PROBLEM DESCRIPTION - Restate each of the lines below word for word and drop every picture.

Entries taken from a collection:
____________

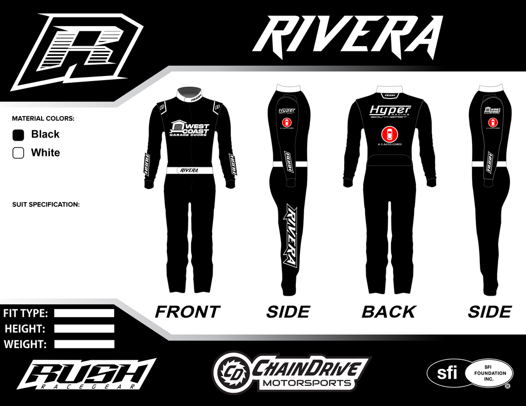 All Rush Race Gear Fire Suits are Custom Built to Order. A Non-Refundable $150 Deposit is Required to Start the Design Process. A 50% Deposit is Required to Start Production with the Balance Due Prior to Shipping. Free Ground Shipping for Orders Paid in Full in Advance. Please Allow 6-8 Weeks for Production.
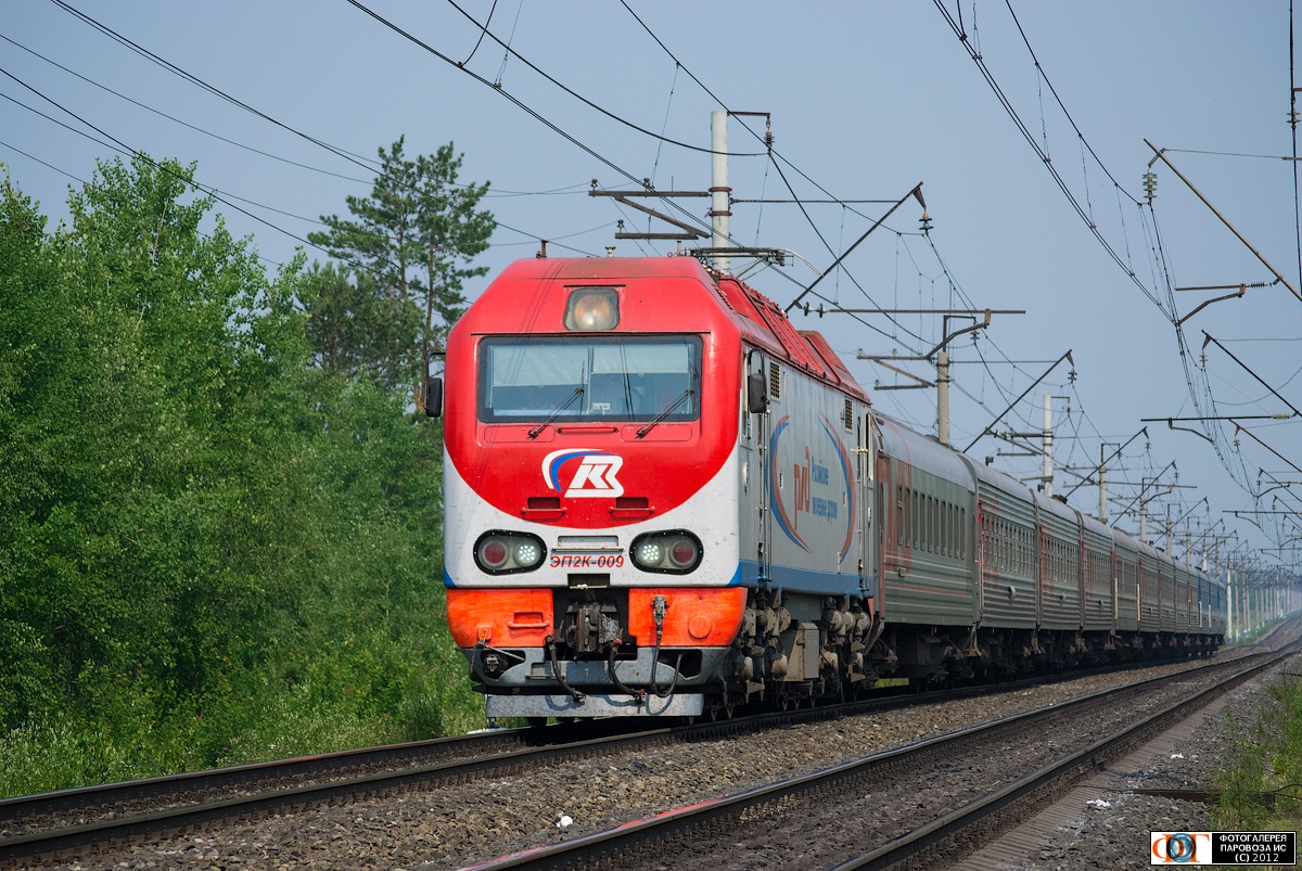 | Электровоз ЭП2К-009 на перегоне Войновка - Озеро Андреевское, Тюменская обл. Автор: Зайнуллин Ринат | Фото сделано 30.VI.2012, опубликовано 23.I.2013.
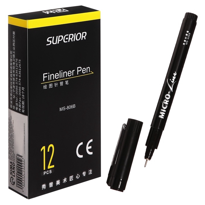 Маркер профессиональный линер черный, тонкая линия, 0.2мм
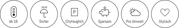 *Für das Führen eines Leichtkraftfahrzeugs mit 45 km/h wird die Führerscheinklasse AM benötigt. Diese kann in Nordrhein-Westfalen und den meisten anderen Bundesländern bereits ab 15 Jahren, in allen übrigen Bundesländern ab 16 Jahren erworben werden. Eine aktuelle Übersicht zu den Regelungen in den einzelnen Bundesländern finden Sie hier.
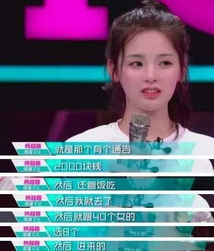 走投无路的时候,她偶然看到一则女团招募成员的广告,月薪2000元,还包吃包住,这对于身无分文的杨超越来说已经是相当好的待遇了。
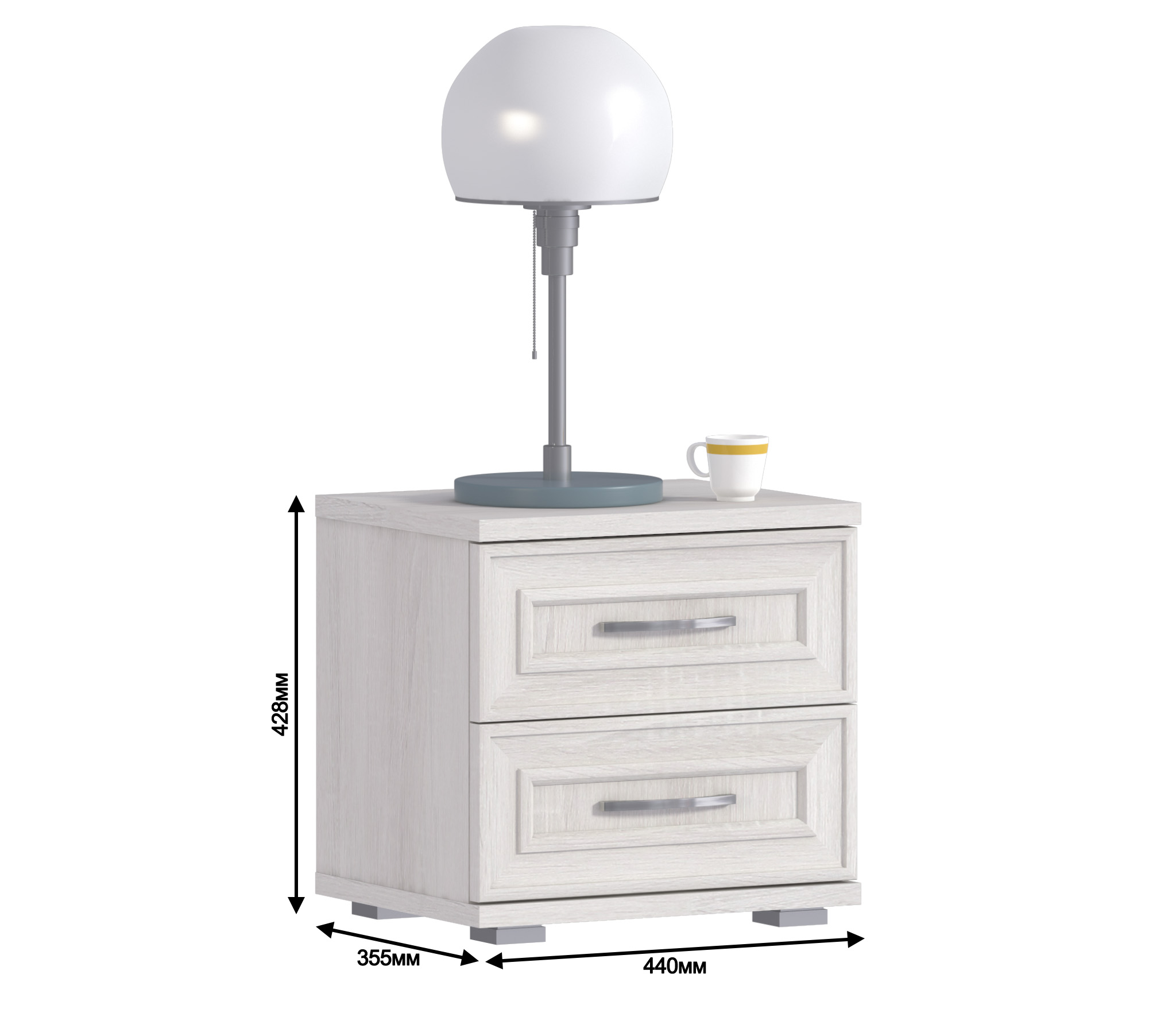 Габаритные размеры тумбы – ширина 44 см, высота 42 см и глубина 35 см. Под столешницей расположены два выдвижных ящика.Корпус и фасады тумбы выполнены из современного и прочного КДСП в цвете «Дуб Сонома Белый». Металлическая ручка-скоба в цвете хром.
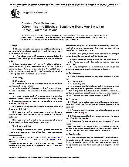 3.1 Bending of membrane switches, printed electronic device or their components can affect their visual appearance, mechanical integrity or electrical functionality. This test method simulates conditions that may be seen during manufacture, installation or use.
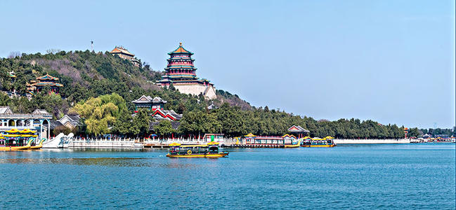 頤和園,中國清朝時期皇家園林,前身為清漪園,坐落在北京西郊,距城區(qū)15公里,占地約290公頃(2.9平方千米),與圓明園毗鄰。它是以昆明湖、萬壽山為基址,以杭州西湖為藍本,汲取江南園林的設(shè)計手法而建成的一座大型山水園林,也是保存最完整的一座皇家行宮御苑,被譽為“皇家園林博物館”。

____________

RESPONSE TO THIS EXERCISE -
 All Rush Race Gear Fire Suits are Custom Built to Order. A Non-Refundable $150 Deposit is Required to Start the Design Process. A 50% Deposit is Required to Start Production with the Balance Due Prior to Shipping. Free Ground Shipping for Orders Paid in Full in Advance. Please Allow 6-8 Weeks for Production.
 | Электровоз ЭП2К-009 на перегоне Войновка - Озеро Андреевское, Тюменская обл. Автор: Зайнуллин Ринат | Фото сделано 30.VI.2012, опубликовано 23.I.2013.
 Маркер профессиональный линер черный, тонкая линия, 0.2мм
 *Für das Führen eines Leichtkraftfahrzeugs mit 45 km/h wird die Führerscheinklasse AM benötigt. Diese kann in Nordrhein-Westfalen und den meisten anderen Bundesländern bereits ab 15 Jahren, in allen übrigen Bundesländern ab 16 Jahren erworben werden. Eine aktuelle Übersicht zu den Regelungen in den einzelnen Bundesländern finden Sie hier.
 走投无路的时候,她偶然看到一则女团招募成员的广告,月薪2000元,还包吃包住,这对于身无分文的杨超越来说已经是相当好的待遇了。
 Габаритные размеры тумбы – ширина 44 см, высота 42 см и глубина 35 см. Под столешницей расположены два выдвижных ящика.Корпус и фасады тумбы выполнены из современного и прочного КДСП в цвете «Дуб Сонома Белый». Металлическая ручка-скоба в цвете хром.
 3.1 Bending of membrane switches, printed electronic device or their components can affect their visual appearance, mechanical integrity or electrical functionality. This test method simulates conditions that may be seen during manufacture, installation or use.
 頤和園,中國清朝時期皇家園林,前身為清漪園,坐落在北京西郊,距城區(qū)15公里,占地約290公頃(2.9平方千米),與圓明園毗鄰。它是以昆明湖、萬壽山為基址,以杭州西湖為藍本,汲取江南園林的設(shè)計手法而建成的一座大型山水園林,也是保存最完整的一座皇家行宮御苑,被譽為“皇家園林博物館”。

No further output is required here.